Want clients? Prioritize visibility over perfection
Why "I’ll start posting after my website is ready" hurts you
In the past few months, I’ve received many messages from freelancers through Substack, LinkedIn, and email. Most of them are about marketing. And nearly all of them end with the same thought:
“I just need to finish X, and then I’ll start posting.”
Usually, X is their website. As in, “I will post on LinkedIn once my website is ready.”
If that sounds familiar, you’re not alone (and I’m not calling out any individual—I’ve read many of these messages recently, and I even felt this way in the past, too).
But here’s the thing: this approach is backwards.
Most people won’t discover you through your website. And they rarely look you up the first time they come across you on social media.
It’s nice to think your first social media post will be so brilliant that thousands of people will engage with the post and run to your website, desperate to hire you. And your website will be so well done, so enticingly perfect that they’ll all sign on immediately and you’ll never be without clients again.
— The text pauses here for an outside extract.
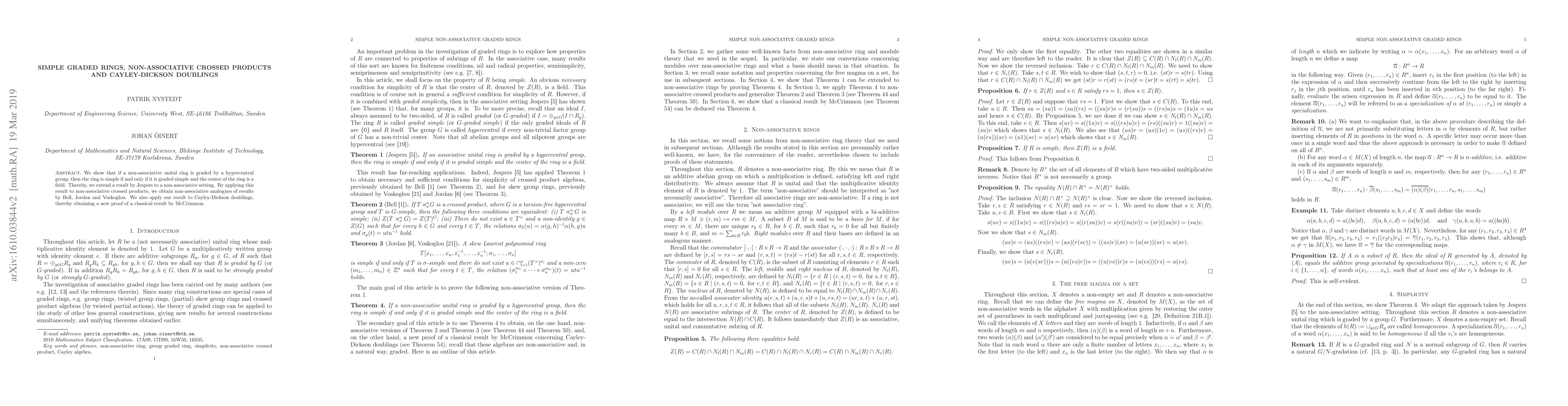 This paper demonstrates that a non-associative unital ring graded by a hypercentral group is simple if and only if it is graded simple and its center is a field. It extends a known result to non-associative structures and applies the findings to non-associative crossed products and Cayley-Dickson doublings, providing a new proof for a classical result by McCrimmon.

But—and I hate to be the bearer of bad news here, but, like your accountant at tax time, sometimes that’s my job—that’s not typically how human nature works. It’s right up there with dreams of winning the lottery in terms of both commonness and unlikeliness.
Think about your online habits. How many times do you see someone’s post before you finally click their link or Google them? And even after that, how long is it before you purchase from them? One post usually isn’t enough. It takes multiple touchpoints to make someone curious enough to seek you out. They want to feel comfortable and familiar with you before they investigate you further, if they ever do.
Some of my best clients have never visited my website. They connected with me on LinkedIn, saw consistent content, and sent a message asking for samples. My website sits as unseen as the last page of Google search results.
What’s the harm in waiting until your website is finished before you post?
Let’s look at a realistic timeline:
Build your website (3–4 weeks, conservatively)
Update your LinkedIn or other profile (1 week, unless you’re a perfectionist, in which case it could be multiple weeks)
Ease into posting (another 1–2 weeks, at least)
Start gaining traction (the algorithm needs time: 2 weeks)
Begin receiving DMs or client interest (add 2–3 more weeks)
That’s 9–12 weeks—just to start getting noticed. If you need clients tomorrow, working on your website isn’t going to do it.
People can’t hire you if they don’t know you exist. And they won’t find your website via search, because that takes at least a few weeks to take effect.
Working on your website feels like progress. It is important. But it’s also safe, quiet, low-visibility work. You can spend weeks perfecting it without ever actually putting yourself in front of people.
And that might be the real reason you’re delaying.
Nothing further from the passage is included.